CSF: Black-box Fingerprinting via Compositional Semantics for Text-to-Image Models

Conference: CVPR 2026
arXiv: 2604.16363
Code: None
Area: Diffusion Models / Model Copyright / Black-box Fingerprinting
Keywords: Text-to-Image, Model Lineage, Black-box Fingerprinting, Compositional Semantics, Bayesian Attribution

TL;DR

CSF treats text-to-image (T2I) models as "semantic category generators." It samples repeatedly using a batch of compositional semantic prompts that are extremely rare in fine-tuning data (e.g., "a dangerous urban nocturnal animal") to extract the model's category distribution for ambiguous prompts as a fingerprint. Using Wasserstein distance and Bayesian attribution, it identifies the protected base family of a suspect model accessible only via API—passing the "dominance" criterion across 6 base families and 13 fine-tuned variants.

Background & Motivation

Background: Text-to-image models (FLUX, Stable Diffusion, Kandinsky, etc.) are high-value commercial assets often distributed under restrictive licenses (non-commercial / research only). To make licenses enforceable, it is necessary to detect infringement scenarios where a protected model is fine-tuned and used commercially via an API, a process known as attribution to a protected base lineage.

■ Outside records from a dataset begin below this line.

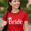 Ta rdeča kratka majica z belim napisom in loading barom je uradni status bodoče neveste: pripravljena na konfete, še ne na “kje je daljinec?”. Popestri fotke, nasmeji družbo in jasno pove, kdo je današnja VIP. Idealna za mestni pohod ali prosecco pre-party.
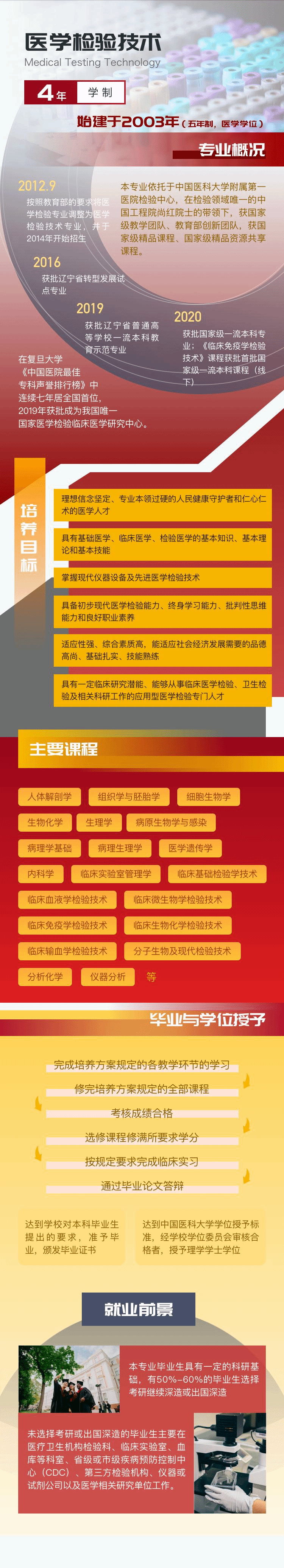 医学检验专业始建于2003年(五年制,医学学位),2012年9月,按照教育部的要求将医学检验专业调整为医学检验技术专业,并于2014年开始招生,2016年获批辽宁省转型发展试点专业,2019年获批辽宁省普通高等学校一流本科教育示范专业,2020年获批国家级一流本科专业,2020年《临床免疫学检验技术》课程获批首批国家级一流本科课程(线下)。本专业依托于中国医科大学附属第一医院检验中心,在检验领域唯一的中国工程院尚红院士的带领下,获国家级教学团队、教育部创新团队,获国家级精品课程、国家级精品资源共享课程。在复旦大学《中国医院最佳专科声誉排行榜》中连续五年居全国首位,2019年获批成为我国唯一国家医学检验临床医学研究中心。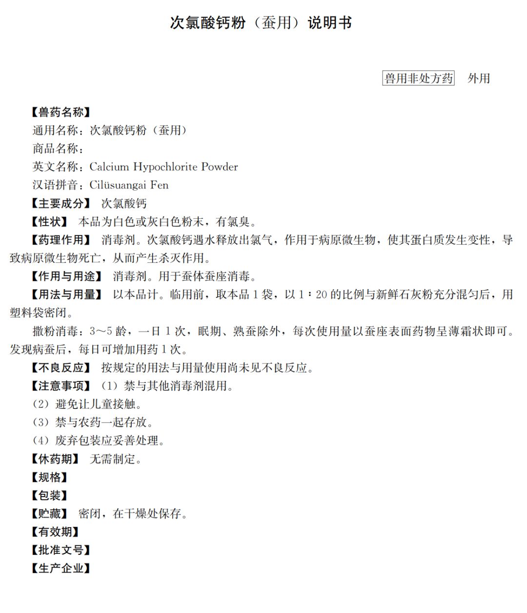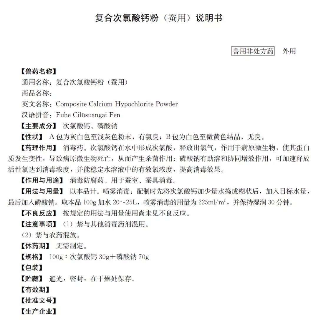| 復(fù)合次氯酸鈣粉(蠶用) | 100g:漂粉精30g+磷酸三鈉70g | 蠶室、蠶具、桑葉葉面消毒 | 9818 |

Limitations of Prior Work: Two existing categories of methods are unsuitable for this demanding scenario. ① Watermarking requires injecting triggers before deployment, which can degrade model quality and be removed if discovered; it is powerless against already deployed "vanilla" models. ② Fingerprinting passively extracts features from deployed models, but mainstream approaches either rely on white-box/gray-box access (weights, layer activations, diffusion trajectories) or are validated only on toy datasets, failing to handle fine-tuned variants—whereas commercial APIs only provide "input text, return image" query interfaces.

Key Challenge: Fine-tuning drastically changes style, color schemes, content preferences, and generation quality, completely overwhelming subtle signals in pixel-level and CLIP visual features (t-SNE in Fig. 3 shows CLIP features cluster by style, not family); even text spaces from image-to-captioning leak style information, leading to cross-family confusion. However, deep semantic preferences inherited from pre-training often persist after fine-tuning. The problem is how to decouple "semantic identity" from "visual appearance" in a black-box setting with only text-image pairs.

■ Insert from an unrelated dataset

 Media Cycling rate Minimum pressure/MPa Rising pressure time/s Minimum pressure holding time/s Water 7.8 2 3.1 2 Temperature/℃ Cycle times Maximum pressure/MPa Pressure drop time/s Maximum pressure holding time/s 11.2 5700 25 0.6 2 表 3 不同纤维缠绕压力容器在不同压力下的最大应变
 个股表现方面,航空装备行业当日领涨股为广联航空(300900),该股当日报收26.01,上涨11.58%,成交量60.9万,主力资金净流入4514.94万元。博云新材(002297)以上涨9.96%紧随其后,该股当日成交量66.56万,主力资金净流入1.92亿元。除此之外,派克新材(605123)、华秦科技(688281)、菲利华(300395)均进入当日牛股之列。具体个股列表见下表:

Goal: Design a fingerprint \(\phi_M\) under query-only black-box access that satisfies both discriminability (different bases \(\phi_{M_i} \neq \phi_{M_j}\)) and robustness (fine-tuned variants \(\phi_{M'} \approx \phi_M\)), while providing statistical determination with uncertainty quantification.

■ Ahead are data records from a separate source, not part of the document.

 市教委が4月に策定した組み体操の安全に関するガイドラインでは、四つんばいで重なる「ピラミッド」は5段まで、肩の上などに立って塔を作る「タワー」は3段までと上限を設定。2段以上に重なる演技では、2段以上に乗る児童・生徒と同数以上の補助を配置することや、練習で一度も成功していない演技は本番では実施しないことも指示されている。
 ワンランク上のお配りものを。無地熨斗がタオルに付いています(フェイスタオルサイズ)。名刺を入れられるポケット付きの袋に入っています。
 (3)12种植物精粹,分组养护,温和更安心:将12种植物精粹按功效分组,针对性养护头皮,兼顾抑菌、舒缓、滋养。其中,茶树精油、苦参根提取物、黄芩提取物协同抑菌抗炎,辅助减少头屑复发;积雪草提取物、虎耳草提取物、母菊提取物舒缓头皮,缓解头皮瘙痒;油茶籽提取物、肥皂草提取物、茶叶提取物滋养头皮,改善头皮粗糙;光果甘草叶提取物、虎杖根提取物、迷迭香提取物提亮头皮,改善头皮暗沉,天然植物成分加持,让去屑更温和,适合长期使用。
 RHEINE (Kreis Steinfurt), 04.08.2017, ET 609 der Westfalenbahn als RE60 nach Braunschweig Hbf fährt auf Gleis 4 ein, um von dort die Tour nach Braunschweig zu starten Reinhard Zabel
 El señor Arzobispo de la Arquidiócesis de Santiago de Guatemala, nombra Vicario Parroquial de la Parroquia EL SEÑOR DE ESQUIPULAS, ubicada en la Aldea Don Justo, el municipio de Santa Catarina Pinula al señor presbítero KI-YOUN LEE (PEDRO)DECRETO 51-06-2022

Key Insight: The authors reverse the logic of watermarking—watermarks survive fine-tuning because rare trigger inputs do not appear in fine-tuning data and receive no update signals. Instead of injecting triggers, the method actively identifies prompts that are naturally rare and capable of exposing the base model's semantic preferences.

Core Idea: Abstract the model as a "text \(\rightarrow\) category" generator. Use compositional under-determined prompts (combinations of common semantic attributes that are extremely rare when joined) to probe the model's category distribution under ambiguous conditions, using this distribution as a fingerprint for Bayesian attribution.

Method

Overall Architecture

CSF answers the question: "Which protected base family does this API-only suspect model originate from?" Its core transformation is: compare semantics, not pixels—treating the T2I model as a generator that produces a category distribution for "ambiguous prompts," reflecting preferences inherited from pre-training that are difficult for fine-tuning to override. The pipeline is: design compositional under-determined prompts \(\rightarrow\) sample \(N=30\) images per prompt from the suspect model \(\rightarrow\) convert each image into a category probability vector via CLIP zero-shot classification to form an empirical distribution (fingerprint) \(\rightarrow\) calculate the Wasserstein distance between the suspect model and base fingerprints for nearest-neighbor determination per trial \(\rightarrow\) aggregate across 42 prompts using a Bayesian Beta-Binomial model to provide a lineage determination with a 95% confidence interval.

graph TD
    A["Suspect Model<br/>(API Query Only)"] --> B["Compositional Under-determined Prompts<br/>Common attributes combined into rare joint conditions"]
    B --> C["Semantic Fingerprint<br/>30 samples per prompt → CLIP category distribution"]
    C --> D["Wasserstein Attribution<br/>Compare distances with base fingerprints for nearest neighbor"]
    D --> E["Bayesian Aggregation<br/>42 prompts → Beta posterior + Confidence Interval"]
    E --> F["Lineage Determination<br/>Significance/Dominance Testing"]

Key Designs

1. Semantic Fingerprint: Abstracting the model as a "text \(\rightarrow\) category" generator to decouple style from semantics

The limitation is that visual features and captions are contaminated by styles altered during fine-tuning, causing fingerprints to cluster by style rather than family. CSF constrains the semantic space to a set of pre-defined categories (e.g., tiger/lion/wolf under "animal"). It no longer asks "what is in the image" but "which category does this image correspond to." Given an under-determined prompt \(C\) (e.g., "a photo of an animal"), the model's random sampling induces a category distribution \(P(Y \mid C, M)\). Each generation is classified via CLIP zero-shot to obtain a vector \(\mathbf{p} \in \Delta^{K-1}\) on a \((K-1)\)-dimensional probability simplex. The model fingerprint is the distribution of these category vectors \(P(\mathbf{p} \mid C, M)\), estimated using \(N\) i.i.d. samples. This is effective because "how a model interprets ambiguous conditions" is a deep preference injected during pre-training, decoupled from specific art styles or colors.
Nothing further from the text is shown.